Gopi asked this question several times and was each time disappointed. Raymond had brought nothing with him but had furnished his flat with local handicrafts. Nevertheless there was a foreign atmosphere which simultaneously thrilled and intimidated Gopi. He sat stiffly with his arms pressed to his sides and his eyes lowered.

Instead of relieving his guest's discomfort, Raymond aggravated it by a certain tea-table formality that came instinctively to him. He loved teatime, especially he loved guests at teatime, and he loved to have everything just so. He poured the tea and heard himself say in the rather fluting voice his mother adopted on such occasions, “Milk? Sugar? How's that for you?” Raymond had always lived with his mother and an aunt, and both these ladies had enjoyed having other ladies and elderly bachelor gentlemen to tea.

Shyam, the servant, was being uncooperative. He made it clear that he was not used to serving people like Gopi. Gopi felt this and resented it and sometimes he raised his modest eyes and resentment flashed out of them. At the same time, he was as afraid of being seen to do something wrong by Shyam as by Raymond. He was usually a graceful boy but his fear made him clumsy. He crushed the delicate bread and butter in his hand and dropped a spoon and finally even, in setting his cup and saucer on the table with an unsteady hand, spilled tea on the tablecloth. Shyam stood and sneered.

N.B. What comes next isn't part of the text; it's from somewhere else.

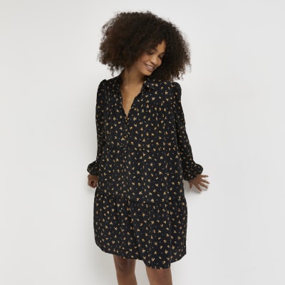 Long Sleeve Dresses. Whatever the occasion make it an elegant affair with this tie waist long sleeve midi shirt dress. Featuring a black material with long puff sleeves and a shirt style.
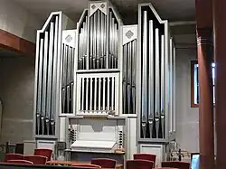 1975 Vöhl Martinskirche II/P 19 Neubau Wolfgang Böttner in das Gehäuse der Vorgängerorgel von Jakob Vogt (1886), überholt 2018 → Orgel

At last the tea ceremony was over and Raymond could relax
and attempt to make his guest relax too. But the first question he asked him, which was about the college Gopi attended, was not a welcome one. Gopi's college was not very good—in fact it was distinctly third-rate; it was run by private enterprise in some outlying suburb for boys like Gopi who had not scored high enough marks to get admission into a better place. Gopi was ashamed of going there and he replied to Raymond in an indistinct mutter.

“Oh, yes?” said Raymond with encouragement. He waited for Gopi to say more, and when he didn't, continued. “And what course are you doing?”

Gopi muttered again. Raymond remained bright, smiling, and encouraging, but he did not succeed in making Gopi easy. He was saddened to see his guest sitting there, opposite him, hunched up in the tall canework chair with his gaze obstinately lowered. He was also saddened by the way Gopi had dressed himself up so carefully for the occasion, thereby almost obscuring his good looks. He wore a transparent shirt of some thick synthetic material, and overtight trousers, and his hair was smothered in oil.

Shyam was clearing away the tea things. He did it with maddening slowness. When he came to removing the tablecloth, he bent over the stain caused by Gopi's spilled tea; he shook his head over it, then pointed his finger at it.

“It won't come out,” he prophesied.

“Never mind,” Raymond said.

“Our new cloth.”

“Never
mind
.”

Raymond was a friendly and indulgent employer but he could be sharp. Shyam saw it was time to remove himself and he did so, though with a superior air.

Gopi raised his eyes and looked after him with the same smoldering glance as before. But then, instead of concentrating on the floor again, he looked for the first time directly at Raymond
and his eyes were still smoldering. He said, “You have a very bad servant.”

“Oh, I don't know,” Raymond said. Actually, he didn't feel like defending Shyam, who
had
behaved badly, but he didn't want to drop the subject either because at last here was Gopi showing some spirit. “Shyam's not such a bad chap really. He just has moods.”

“No,” said Gopi, “he is a bad chap. We would not keep such a person in our home.”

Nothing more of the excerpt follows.